TASK INSTRUCTIONS:
Transcribe all records below exactly, without images.

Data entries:
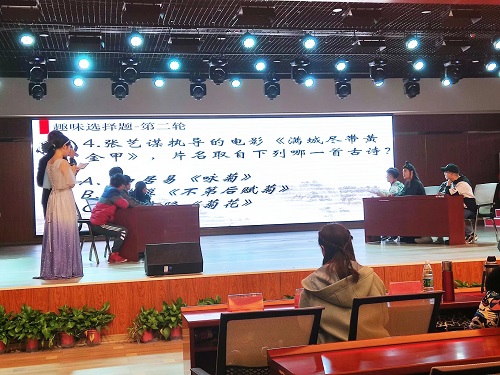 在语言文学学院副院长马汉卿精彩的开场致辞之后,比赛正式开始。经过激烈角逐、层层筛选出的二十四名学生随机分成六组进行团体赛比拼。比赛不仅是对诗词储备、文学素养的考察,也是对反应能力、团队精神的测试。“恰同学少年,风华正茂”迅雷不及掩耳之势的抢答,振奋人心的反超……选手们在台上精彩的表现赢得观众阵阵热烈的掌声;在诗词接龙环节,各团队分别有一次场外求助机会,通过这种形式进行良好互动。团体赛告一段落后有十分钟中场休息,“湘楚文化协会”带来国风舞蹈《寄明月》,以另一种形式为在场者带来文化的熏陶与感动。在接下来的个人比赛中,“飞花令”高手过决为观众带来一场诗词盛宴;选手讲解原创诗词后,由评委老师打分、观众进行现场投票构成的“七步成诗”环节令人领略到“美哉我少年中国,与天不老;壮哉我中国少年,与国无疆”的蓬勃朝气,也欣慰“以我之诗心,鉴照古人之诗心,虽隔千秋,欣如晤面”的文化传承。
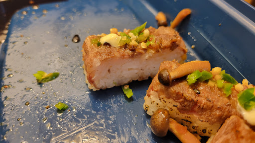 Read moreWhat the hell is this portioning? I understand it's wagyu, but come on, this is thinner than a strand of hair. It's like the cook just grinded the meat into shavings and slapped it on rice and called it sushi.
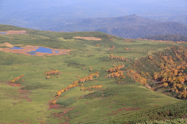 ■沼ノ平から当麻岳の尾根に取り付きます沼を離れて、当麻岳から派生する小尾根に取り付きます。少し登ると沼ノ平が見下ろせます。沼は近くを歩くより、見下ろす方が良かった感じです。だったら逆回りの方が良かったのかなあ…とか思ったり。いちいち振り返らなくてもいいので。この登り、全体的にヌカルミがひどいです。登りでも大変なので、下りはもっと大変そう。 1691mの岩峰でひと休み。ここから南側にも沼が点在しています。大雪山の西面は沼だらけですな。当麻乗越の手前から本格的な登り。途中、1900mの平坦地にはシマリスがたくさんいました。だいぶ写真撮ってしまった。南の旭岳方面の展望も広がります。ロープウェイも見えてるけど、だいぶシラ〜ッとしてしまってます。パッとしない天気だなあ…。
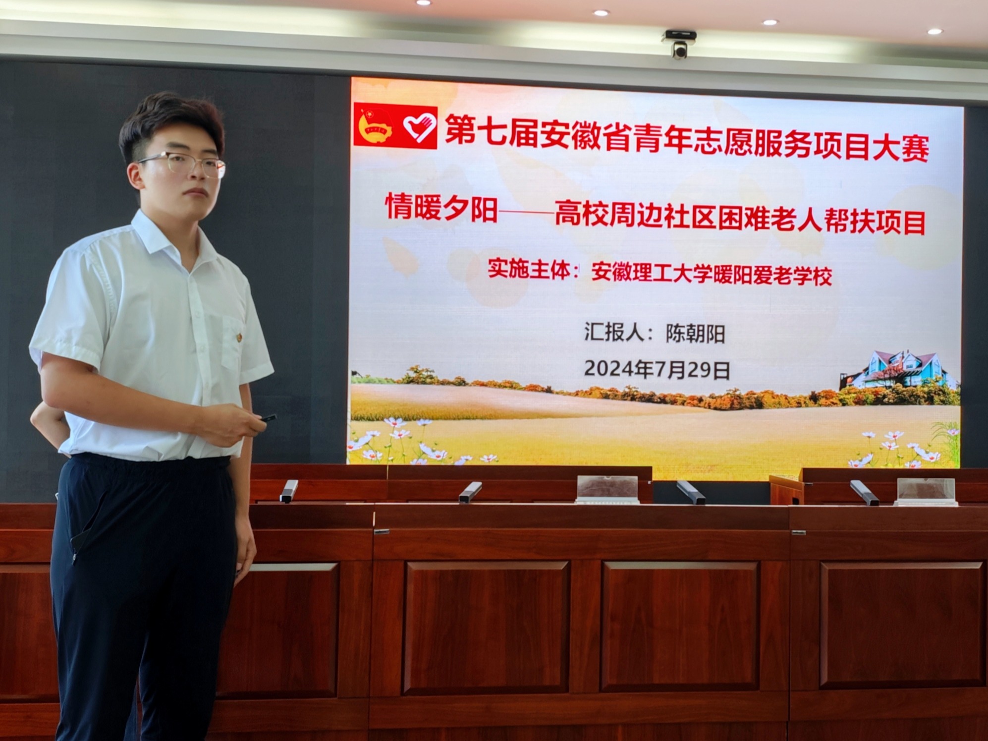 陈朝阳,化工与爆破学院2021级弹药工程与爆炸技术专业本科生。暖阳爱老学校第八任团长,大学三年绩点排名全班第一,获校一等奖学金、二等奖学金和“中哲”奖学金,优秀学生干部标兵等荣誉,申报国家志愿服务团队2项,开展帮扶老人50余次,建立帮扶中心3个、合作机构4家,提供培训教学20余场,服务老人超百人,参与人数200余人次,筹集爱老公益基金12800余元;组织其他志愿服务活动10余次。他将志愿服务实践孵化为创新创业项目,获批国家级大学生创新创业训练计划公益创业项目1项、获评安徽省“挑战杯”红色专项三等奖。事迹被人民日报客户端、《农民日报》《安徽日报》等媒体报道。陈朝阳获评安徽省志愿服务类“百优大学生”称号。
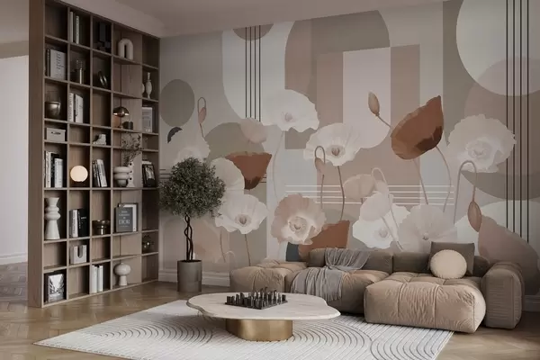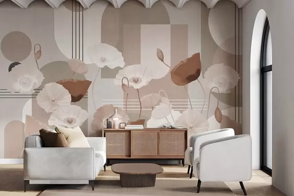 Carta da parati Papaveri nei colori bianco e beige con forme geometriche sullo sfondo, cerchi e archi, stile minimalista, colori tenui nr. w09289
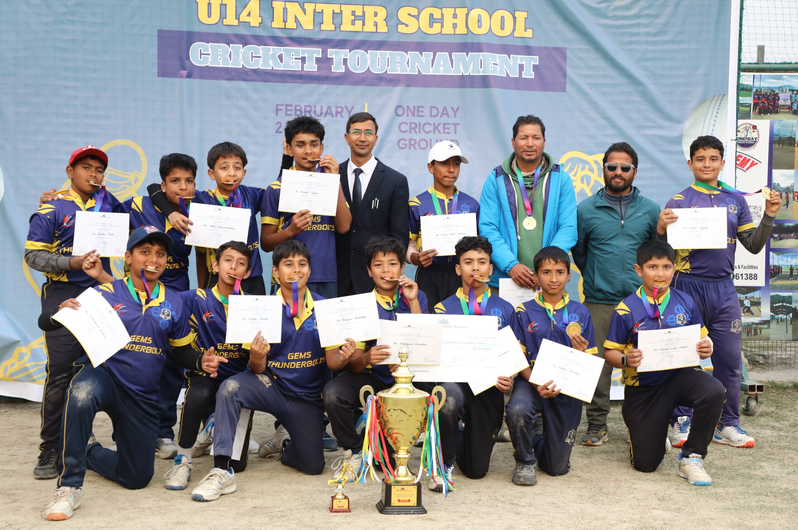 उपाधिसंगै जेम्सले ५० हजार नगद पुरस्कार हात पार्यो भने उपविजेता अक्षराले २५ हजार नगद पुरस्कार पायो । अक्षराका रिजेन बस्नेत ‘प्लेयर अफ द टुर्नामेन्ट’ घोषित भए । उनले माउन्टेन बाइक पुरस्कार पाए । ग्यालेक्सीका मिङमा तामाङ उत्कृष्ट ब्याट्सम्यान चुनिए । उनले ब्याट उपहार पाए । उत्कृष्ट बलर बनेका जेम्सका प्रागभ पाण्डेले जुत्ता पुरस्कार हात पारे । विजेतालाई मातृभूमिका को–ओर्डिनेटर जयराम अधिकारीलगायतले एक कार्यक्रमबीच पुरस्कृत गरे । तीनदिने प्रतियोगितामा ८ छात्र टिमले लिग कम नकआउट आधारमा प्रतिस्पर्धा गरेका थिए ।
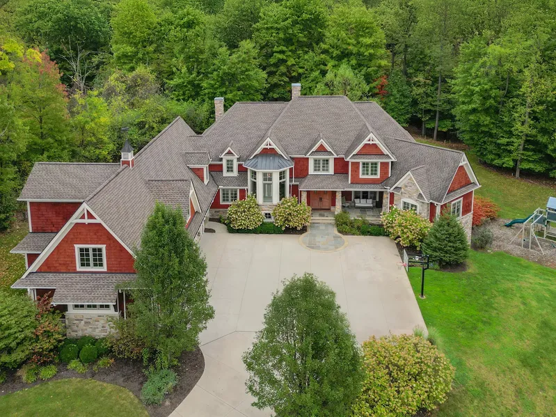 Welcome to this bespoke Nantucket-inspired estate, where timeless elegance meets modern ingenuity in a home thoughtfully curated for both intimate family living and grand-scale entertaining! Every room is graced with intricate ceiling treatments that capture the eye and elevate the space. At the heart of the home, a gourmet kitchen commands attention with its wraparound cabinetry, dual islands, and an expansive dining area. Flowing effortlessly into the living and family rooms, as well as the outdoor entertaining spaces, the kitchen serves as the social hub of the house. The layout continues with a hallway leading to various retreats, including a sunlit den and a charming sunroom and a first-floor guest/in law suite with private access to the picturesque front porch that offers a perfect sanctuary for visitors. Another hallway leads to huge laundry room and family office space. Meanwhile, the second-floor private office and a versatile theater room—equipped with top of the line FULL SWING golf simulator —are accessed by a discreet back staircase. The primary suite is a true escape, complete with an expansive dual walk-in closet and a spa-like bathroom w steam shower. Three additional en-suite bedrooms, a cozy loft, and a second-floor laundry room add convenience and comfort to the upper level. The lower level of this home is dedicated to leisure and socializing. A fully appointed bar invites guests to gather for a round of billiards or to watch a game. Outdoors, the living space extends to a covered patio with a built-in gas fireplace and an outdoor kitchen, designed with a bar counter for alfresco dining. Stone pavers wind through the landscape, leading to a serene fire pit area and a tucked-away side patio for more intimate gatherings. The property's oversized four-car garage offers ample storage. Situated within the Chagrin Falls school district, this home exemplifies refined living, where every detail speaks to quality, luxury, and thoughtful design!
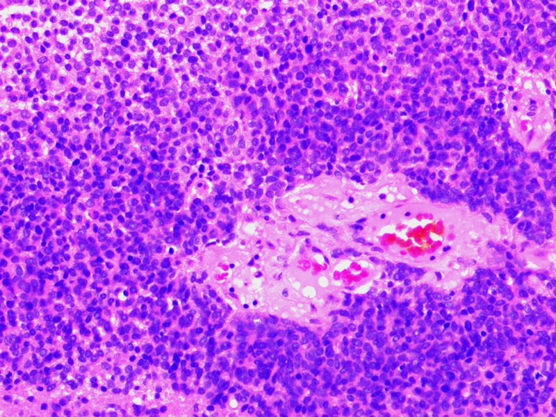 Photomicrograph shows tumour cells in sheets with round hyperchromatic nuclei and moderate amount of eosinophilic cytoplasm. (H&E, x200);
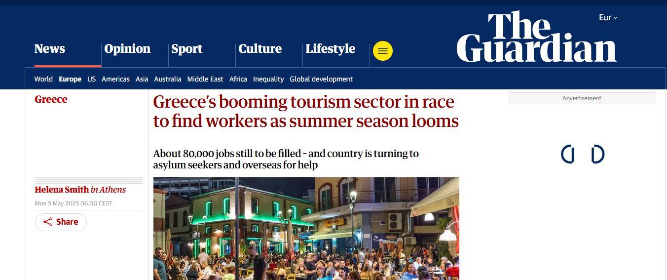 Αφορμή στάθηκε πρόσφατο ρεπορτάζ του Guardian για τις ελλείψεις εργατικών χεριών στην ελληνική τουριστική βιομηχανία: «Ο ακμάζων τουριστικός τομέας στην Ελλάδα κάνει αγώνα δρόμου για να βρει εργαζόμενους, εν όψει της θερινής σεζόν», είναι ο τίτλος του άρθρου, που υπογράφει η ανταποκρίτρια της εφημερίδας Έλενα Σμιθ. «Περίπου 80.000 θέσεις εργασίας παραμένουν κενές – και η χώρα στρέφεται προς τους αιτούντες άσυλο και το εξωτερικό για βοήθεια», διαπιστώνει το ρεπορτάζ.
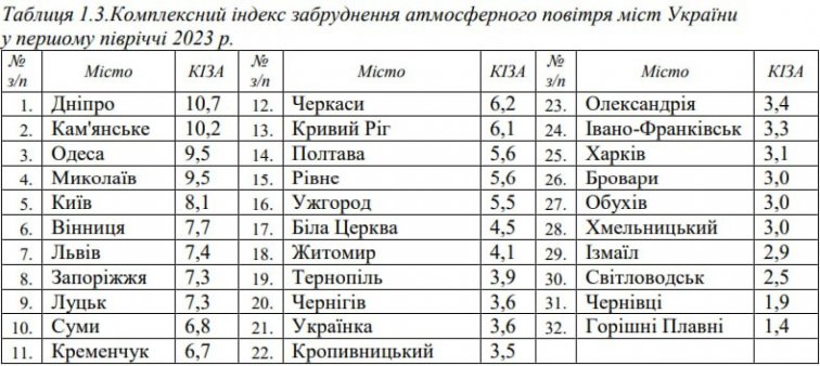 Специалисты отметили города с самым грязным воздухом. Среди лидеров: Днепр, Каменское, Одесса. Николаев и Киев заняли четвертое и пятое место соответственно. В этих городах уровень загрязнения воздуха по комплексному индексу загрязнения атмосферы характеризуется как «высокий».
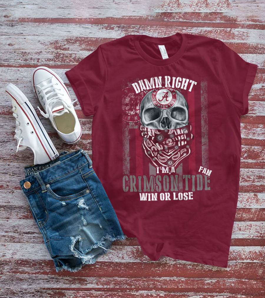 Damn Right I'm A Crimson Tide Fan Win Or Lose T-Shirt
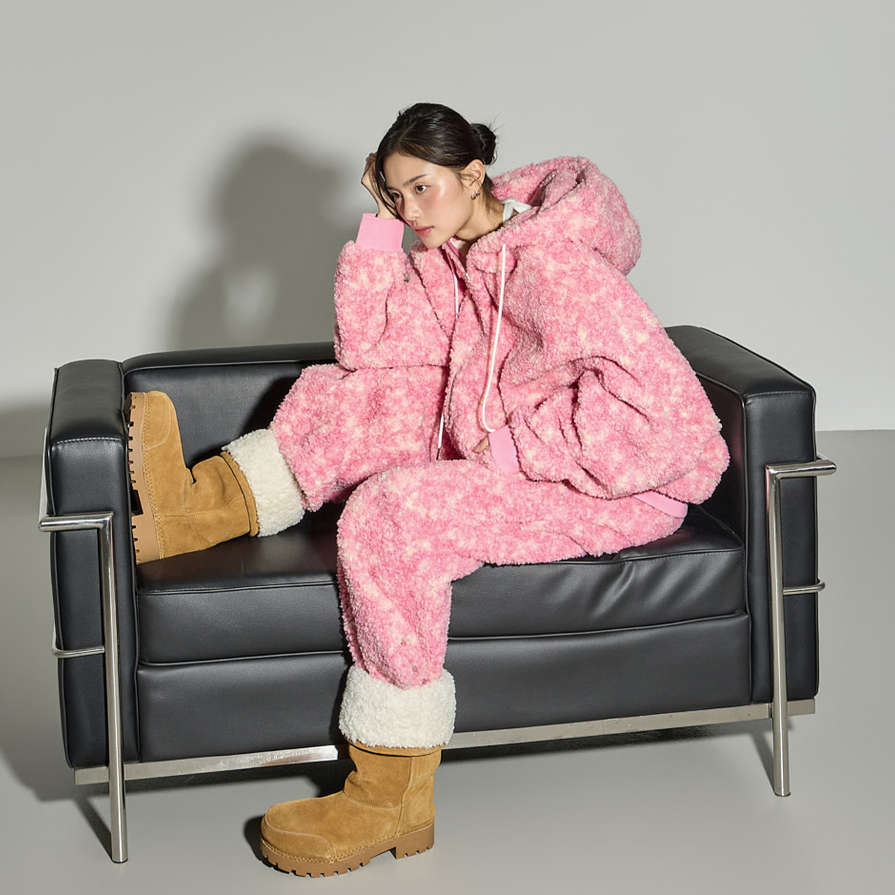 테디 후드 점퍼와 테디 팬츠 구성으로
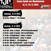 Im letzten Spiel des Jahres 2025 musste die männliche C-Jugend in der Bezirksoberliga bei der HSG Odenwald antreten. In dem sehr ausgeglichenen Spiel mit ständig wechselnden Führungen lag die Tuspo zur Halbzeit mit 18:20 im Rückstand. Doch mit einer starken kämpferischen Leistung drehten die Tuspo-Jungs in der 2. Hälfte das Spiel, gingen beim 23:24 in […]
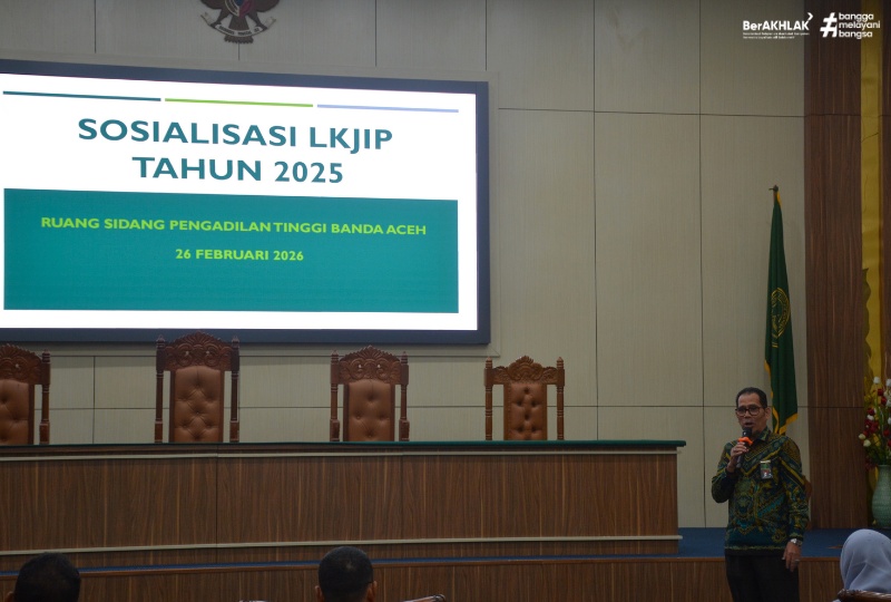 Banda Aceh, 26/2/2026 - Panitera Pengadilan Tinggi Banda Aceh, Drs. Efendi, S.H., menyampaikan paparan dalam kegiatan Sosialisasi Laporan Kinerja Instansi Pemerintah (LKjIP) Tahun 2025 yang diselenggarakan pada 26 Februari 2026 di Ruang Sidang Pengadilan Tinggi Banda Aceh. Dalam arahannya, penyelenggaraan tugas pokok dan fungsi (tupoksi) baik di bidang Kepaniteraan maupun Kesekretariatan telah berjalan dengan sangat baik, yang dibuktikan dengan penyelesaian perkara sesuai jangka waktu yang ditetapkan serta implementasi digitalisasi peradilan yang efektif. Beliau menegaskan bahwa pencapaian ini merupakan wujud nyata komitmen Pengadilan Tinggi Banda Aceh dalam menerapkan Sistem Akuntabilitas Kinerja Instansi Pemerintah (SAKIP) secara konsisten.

WRITTEN ANSWER:
 在语言文学学院副院长马汉卿精彩的开场致辞之后,比赛正式开始。经过激烈角逐、层层筛选出的二十四名学生随机分成六组进行团体赛比拼。比赛不仅是对诗词储备、文学素养的考察,也是对反应能力、团队精神的测试。“恰同学少年,风华正茂”迅雷不及掩耳之势的抢答,振奋人心的反超……选手们在台上精彩的表现赢得观众阵阵热烈的掌声;在诗词接龙环节,各团队分别有一次场外求助机会,通过这种形式进行良好互动。团体赛告一段落后有十分钟中场休息,“湘楚文化协会”带来国风舞蹈《寄明月》,以另一种形式为在场者带来文化的熏陶与感动。在接下来的个人比赛中,“飞花令”高手过决为观众带来一场诗词盛宴;选手讲解原创诗词后,由评委老师打分、观众进行现场投票构成的“七步成诗”环节令人领略到“美哉我少年中国,与天不老;壮哉我中国少年,与国无疆”的蓬勃朝气,也欣慰“以我之诗心,鉴照古人之诗心,虽隔千秋,欣如晤面”的文化传承。
 Read moreWhat the hell is this portioning? I understand it's wagyu, but come on, this is thinner than a strand of hair. It's like the cook just grinded the meat into shavings and slapped it on rice and called it sushi.
 ■沼ノ平から当麻岳の尾根に取り付きます沼を離れて、当麻岳から派生する小尾根に取り付きます。少し登ると沼ノ平が見下ろせます。沼は近くを歩くより、見下ろす方が良かった感じです。だったら逆回りの方が良かったのかなあ…とか思ったり。いちいち振り返らなくてもいいので。この登り、全体的にヌカルミがひどいです。登りでも大変なので、下りはもっと大変そう。 1691mの岩峰でひと休み。ここから南側にも沼が点在しています。大雪山の西面は沼だらけですな。当麻乗越の手前から本格的な登り。途中、1900mの平坦地にはシマリスがたくさんいました。だいぶ写真撮ってしまった。南の旭岳方面の展望も広がります。ロープウェイも見えてるけど、だいぶシラ〜ッとしてしまってます。パッとしない天気だなあ…。
 陈朝阳,化工与爆破学院2021级弹药工程与爆炸技术专业本科生。暖阳爱老学校第八任团长,大学三年绩点排名全班第一,获校一等奖学金、二等奖学金和“中哲”奖学金,优秀学生干部标兵等荣誉,申报国家志愿服务团队2项,开展帮扶老人50余次,建立帮扶中心3个、合作机构4家,提供培训教学20余场,服务老人超百人,参与人数200余人次,筹集爱老公益基金12800余元;组织其他志愿服务活动10余次。他将志愿服务实践孵化为创新创业项目,获批国家级大学生创新创业训练计划公益创业项目1项、获评安徽省“挑战杯”红色专项三等奖。事迹被人民日报客户端、《农民日报》《安徽日报》等媒体报道。陈朝阳获评安徽省志愿服务类“百优大学生”称号。
 Carta da parati Papaveri nei colori bianco e beige con forme geometriche sullo sfondo, cerchi e archi, stile minimalista, colori tenui nr. w09289
 उपाधिसंगै जेम्सले ५० हजार नगद पुरस्कार हात पार्यो भने उपविजेता अक्षराले २५ हजार नगद पुरस्कार पायो । अक्षराका रिजेन बस्नेत ‘प्लेयर अफ द टुर्नामेन्ट’ घोषित भए । उनले माउन्टेन बाइक पुरस्कार पाए । ग्यालेक्सीका मिङमा तामाङ उत्कृष्ट ब्याट्सम्यान चुनिए । उनले ब्याट उपहार पाए । उत्कृष्ट बलर बनेका जेम्सका प्रागभ पाण्डेले जुत्ता पुरस्कार हात पारे । विजेतालाई मातृभूमिका को–ओर्डिनेटर जयराम अधिकारीलगायतले एक कार्यक्रमबीच पुरस्कृत गरे । तीनदिने प्रतियोगितामा ८ छात्र टिमले लिग कम नकआउट आधारमा प्रतिस्पर्धा गरेका थिए ।
 Welcome to this bespoke Nantucket-inspired estate, where timeless elegance meets modern ingenuity in a home thoughtfully curated for both intimate family living and grand-scale entertaining! Every room is graced with intricate ceiling treatments that capture the eye and elevate the space. At the heart of the home, a gourmet kitchen commands attention with its wraparound cabinetry, dual islands, and an expansive dining area. Flowing effortlessly into the living and family rooms, as well as the outdoor entertaining spaces, the kitchen serves as the social hub of the house. The layout continues with a hallway leading to various retreats, including a sunlit den and a charming sunroom and a first-floor guest/in law suite with private access to the picturesque front porch that offers a perfect sanctuary for visitors. Another hallway leads to huge laundry room and family office space. Meanwhile, the second-floor private office and a versatile theater room—equipped with top of the line FULL SWING golf simulator —are accessed by a discreet back staircase. The primary suite is a true escape, complete with an expansive dual walk-in closet and a spa-like bathroom w steam shower. Three additional en-suite bedrooms, a cozy loft, and a second-floor laundry room add convenience and comfort to the upper level. The lower level of this home is dedicated to leisure and socializing. A fully appointed bar invites guests to gather for a round of billiards or to watch a game. Outdoors, the living space extends to a covered patio with a built-in gas fireplace and an outdoor kitchen, designed with a bar counter for alfresco dining. Stone pavers wind through the landscape, leading to a serene fire pit area and a tucked-away side patio for more intimate gatherings. The property's oversized four-car garage offers ample storage. Situated within the Chagrin Falls school district, this home exemplifies refined living, where every detail speaks to quality, luxury, and thoughtful design!
 Photomicrograph shows tumour cells in sheets with round hyperchromatic nuclei and moderate amount of eosinophilic cytoplasm. (H&E, x200);
 Αφορμή στάθηκε πρόσφατο ρεπορτάζ του Guardian για τις ελλείψεις εργατικών χεριών στην ελληνική τουριστική βιομηχανία: «Ο ακμάζων τουριστικός τομέας στην Ελλάδα κάνει αγώνα δρόμου για να βρει εργαζόμενους, εν όψει της θερινής σεζόν», είναι ο τίτλος του άρθρου, που υπογράφει η ανταποκρίτρια της εφημερίδας Έλενα Σμιθ. «Περίπου 80.000 θέσεις εργασίας παραμένουν κενές – και η χώρα στρέφεται προς τους αιτούντες άσυλο και το εξωτερικό για βοήθεια», διαπιστώνει το ρεπορτάζ.
 Специалисты отметили города с самым грязным воздухом. Среди лидеров: Днепр, Каменское, Одесса. Николаев и Киев заняли четвертое и пятое место соответственно. В этих городах уровень загрязнения воздуха по комплексному индексу загрязнения атмосферы характеризуется как «высокий».
 Damn Right I'm A Crimson Tide Fan Win Or Lose T-Shirt
 테디 후드 점퍼와 테디 팬츠 구성으로
 Im letzten Spiel des Jahres 2025 musste die männliche C-Jugend in der Bezirksoberliga bei der HSG Odenwald antreten. In dem sehr ausgeglichenen Spiel mit ständig wechselnden Führungen lag die Tuspo zur Halbzeit mit 18:20 im Rückstand. Doch mit einer starken kämpferischen Leistung drehten die Tuspo-Jungs in der 2. Hälfte das Spiel, gingen beim 23:24 in […]
 Banda Aceh, 26/2/2026 - Panitera Pengadilan Tinggi Banda Aceh, Drs. Efendi, S.H., menyampaikan paparan dalam kegiatan Sosialisasi Laporan Kinerja Instansi Pemerintah (LKjIP) Tahun 2025 yang diselenggarakan pada 26 Februari 2026 di Ruang Sidang Pengadilan Tinggi Banda Aceh. Dalam arahannya, penyelenggaraan tugas pokok dan fungsi (tupoksi) baik di bidang Kepaniteraan maupun Kesekretariatan telah berjalan dengan sangat baik, yang dibuktikan dengan penyelesaian perkara sesuai jangka waktu yang ditetapkan serta implementasi digitalisasi peradilan yang efektif. Beliau menegaskan bahwa pencapaian ini merupakan wujud nyata komitmen Pengadilan Tinggi Banda Aceh dalam menerapkan Sistem Akuntabilitas Kinerja Instansi Pemerintah (SAKIP) secara konsisten.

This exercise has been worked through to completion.